Directions for this task.
Transcription task. Write out each entry verbatim and exclude any image.

******

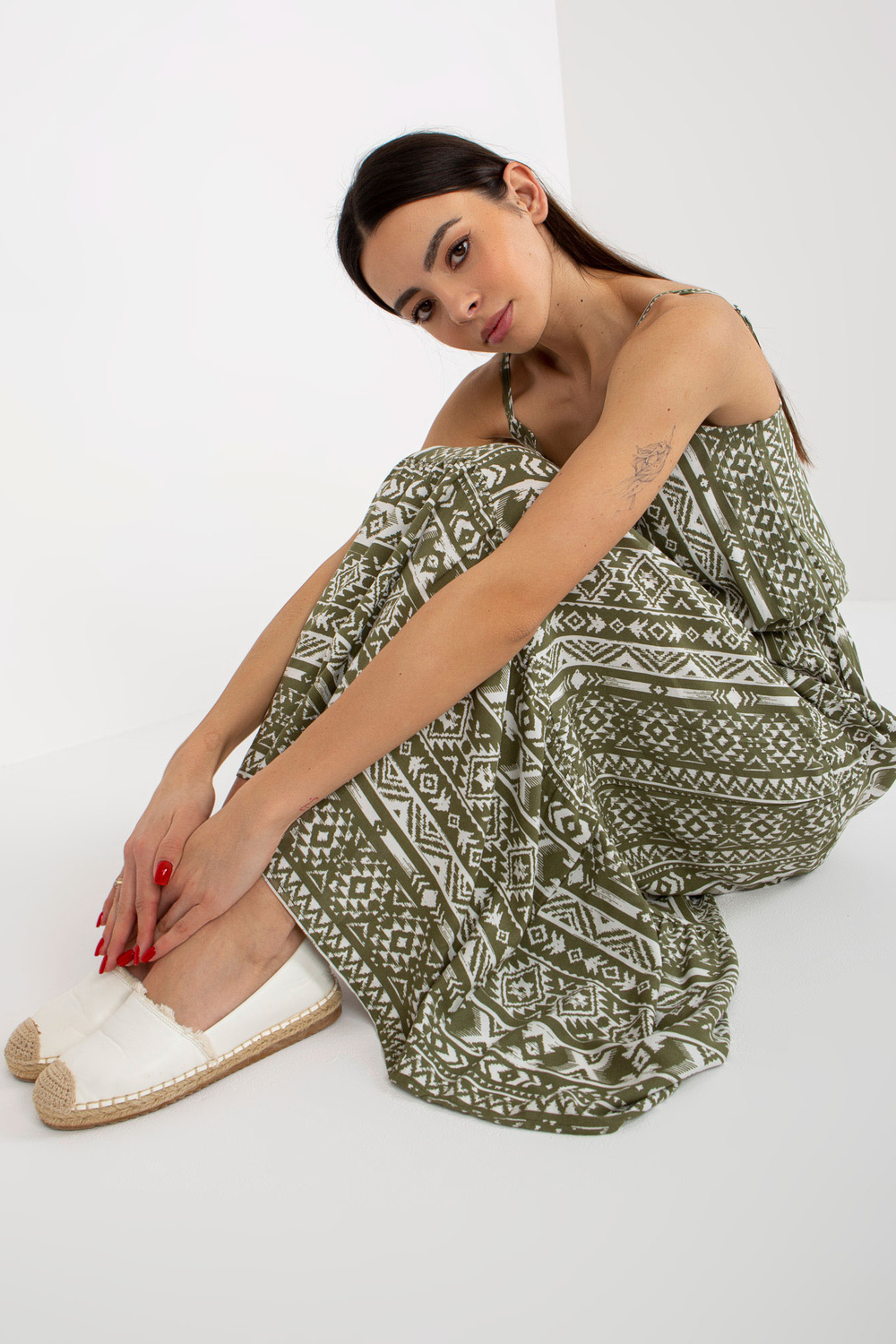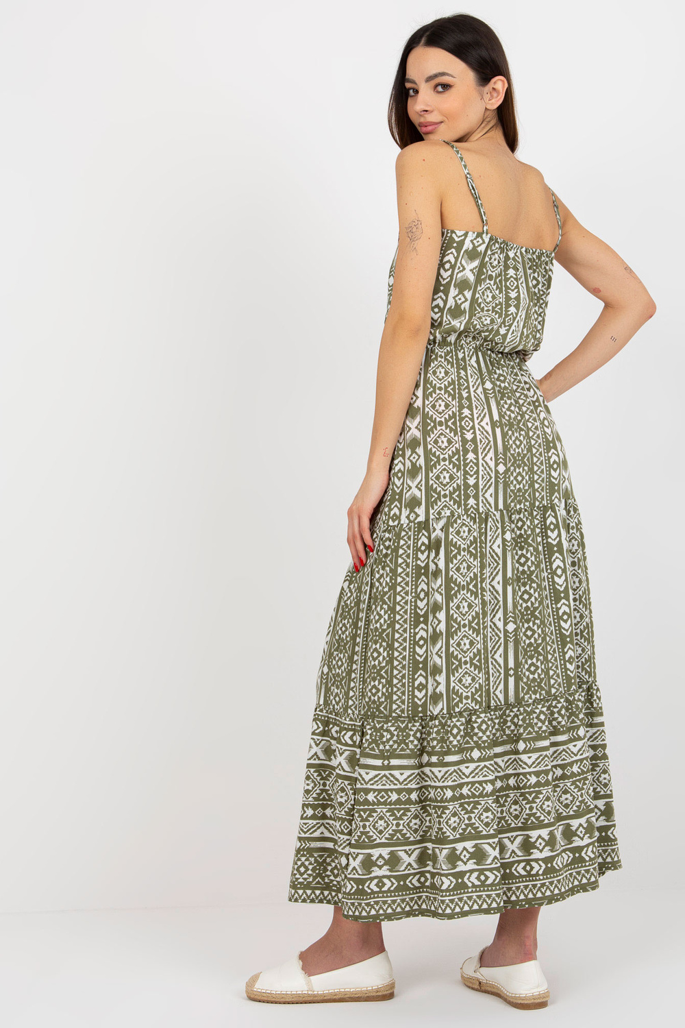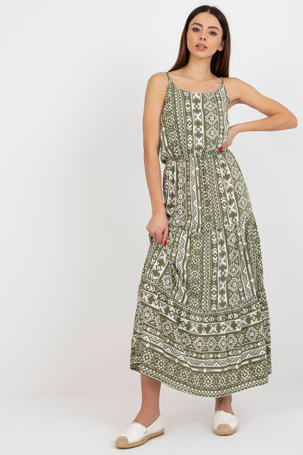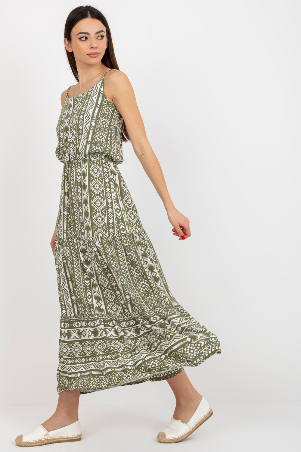 Alataseme khakivärvi maksikleit on ideaalne valik kevadsuvisteks väljasõitudeks. Intensiivne print koos volangidega loob suurejoonelise boho välimuse. Kleidil on pikk, liibuv varrukas ja õrnalt laienev alläär. Modell esitleb kleiti suuruses S, selle mõõdud on kõrgus 175 cm, rind 84 cm, vöö 62 cm, puus 91 cm. Kleidi kaenlaaluse laius on tasapinnaliselt mõõdetuna 42 cm ja kogupikkus 146 cm. Selline kleit sobib igaks päevaks, jalutuskäiguks, linnas ja suveks. Ideaalne valik naistele, kellele meeldib kevadine ja suvine välimus!
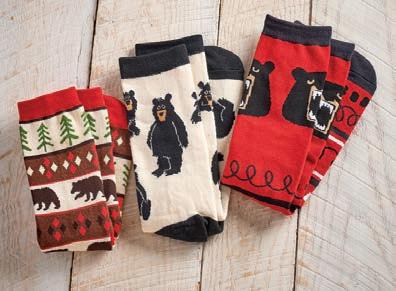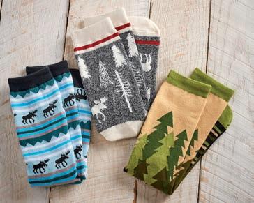 Give your feet some extra warmth with these fun Northwoodsstyle sock sets. Durable enough to hike all day and comfy enough to sleep in all night. Three-packs feature a variety of styles with contrasting heel and toe, 2-ply yarn for comfort and durability. Preshrunk. 75% cotton, 15% nylon, 10% spandex. Fits sizes 10-13. Specify design. $29.95 each Bear No. 148489 Moose No. 148490
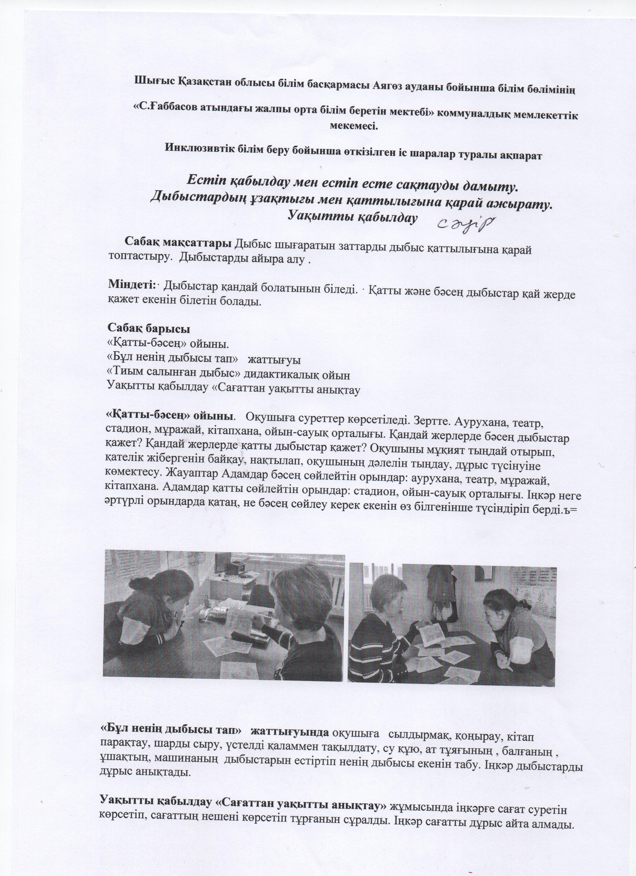 » Инклюзивтік білім беру бойынша өткізілетін іс-шаралар туралы акпарат
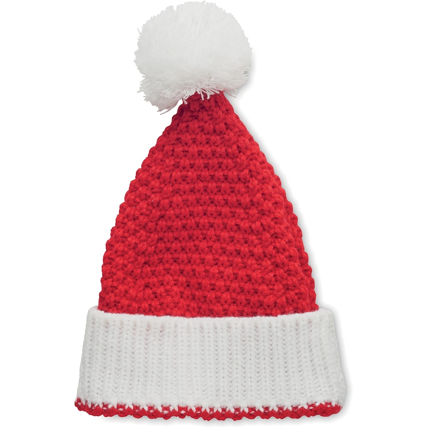Neulottu tonttulakki ympäristöystävällisestä rPET-materiaalista. Hattu on melko lyhyt malliltaan. Merkintä tehdään brodeerauksella.
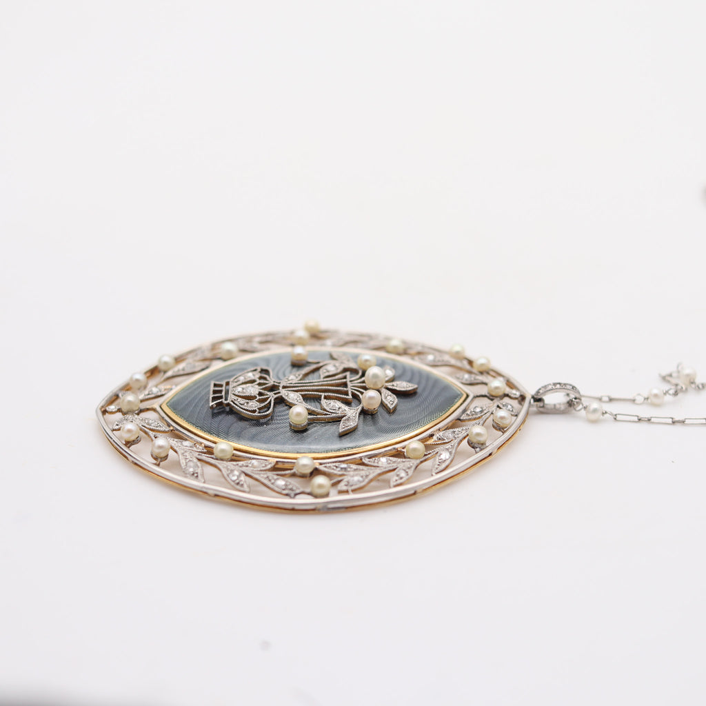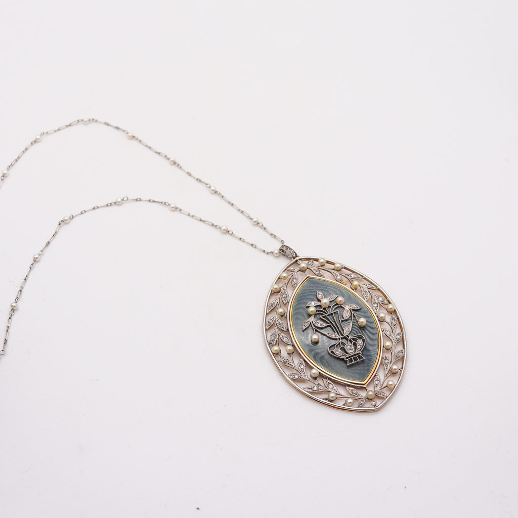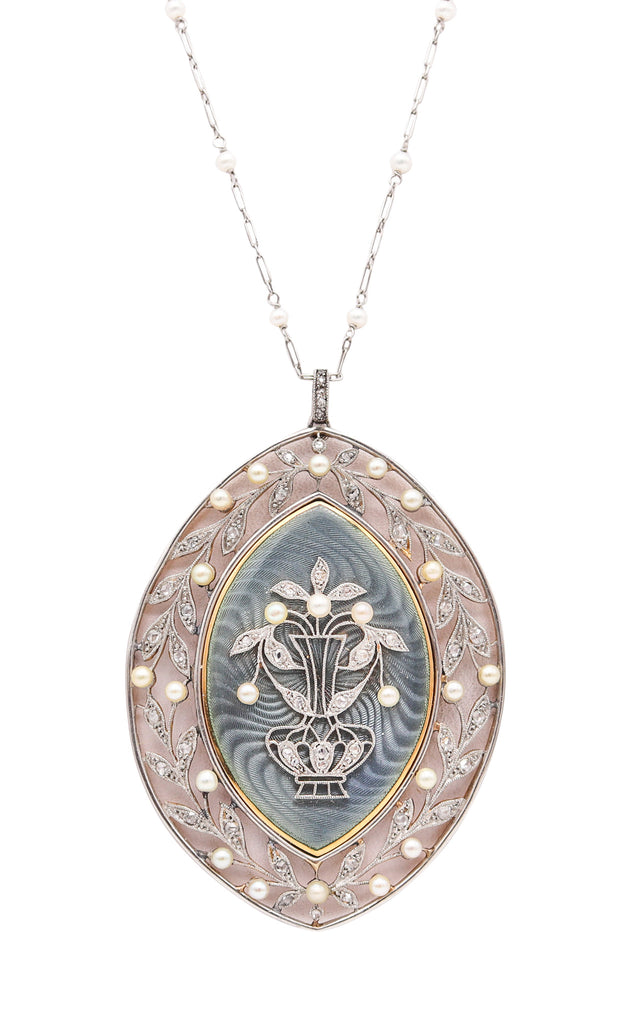 This is an amazing necklace-pendant created in Paris France during the belle epoque period by the jewelry house of Vever, back in the 1900-1910. The fabulous piece has been masterfully crafted in .900/.999 platinum and mounted with an almond-shaped panel embellished with engine turned patterns topped with blue-gray glass enamel. The platinum mounting is set with fifty-two rose cuts diamonds and forty-two natural white pears. Fitted with a movable oval ring with a pearls station chain with a spring ring lock.
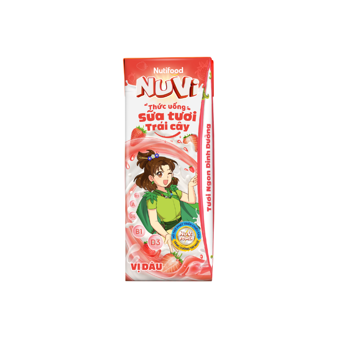 NuVi Thức Uống Sữa Tươi Trái Cây Vị Dâu được làm từ sữa tươi sạch từ trang trại bò sữa NutiMilk kết hợp cùng nước ép trái cây mang đến hương vị thơm ngon dinh dưỡng mỗi ngày.

******

Output of the task.
 Alataseme khakivärvi maksikleit on ideaalne valik kevadsuvisteks väljasõitudeks. Intensiivne print koos volangidega loob suurejoonelise boho välimuse. Kleidil on pikk, liibuv varrukas ja õrnalt laienev alläär. Modell esitleb kleiti suuruses S, selle mõõdud on kõrgus 175 cm, rind 84 cm, vöö 62 cm, puus 91 cm. Kleidi kaenlaaluse laius on tasapinnaliselt mõõdetuna 42 cm ja kogupikkus 146 cm. Selline kleit sobib igaks päevaks, jalutuskäiguks, linnas ja suveks. Ideaalne valik naistele, kellele meeldib kevadine ja suvine välimus!
 Give your feet some extra warmth with these fun Northwoodsstyle sock sets. Durable enough to hike all day and comfy enough to sleep in all night. Three-packs feature a variety of styles with contrasting heel and toe, 2-ply yarn for comfort and durability. Preshrunk. 75% cotton, 15% nylon, 10% spandex. Fits sizes 10-13. Specify design. $29.95 each Bear No. 148489 Moose No. 148490
 » Инклюзивтік білім беру бойынша өткізілетін іс-шаралар туралы акпарат
Neulottu tonttulakki ympäristöystävällisestä rPET-materiaalista. Hattu on melko lyhyt malliltaan. Merkintä tehdään brodeerauksella.
 This is an amazing necklace-pendant created in Paris France during the belle epoque period by the jewelry house of Vever, back in the 1900-1910. The fabulous piece has been masterfully crafted in .900/.999 platinum and mounted with an almond-shaped panel embellished with engine turned patterns topped with blue-gray glass enamel. The platinum mounting is set with fifty-two rose cuts diamonds and forty-two natural white pears. Fitted with a movable oval ring with a pearls station chain with a spring ring lock.
 NuVi Thức Uống Sữa Tươi Trái Cây Vị Dâu được làm từ sữa tươi sạch từ trang trại bò sữa NutiMilk kết hợp cùng nước ép trái cây mang đến hương vị thơm ngon dinh dưỡng mỗi ngày.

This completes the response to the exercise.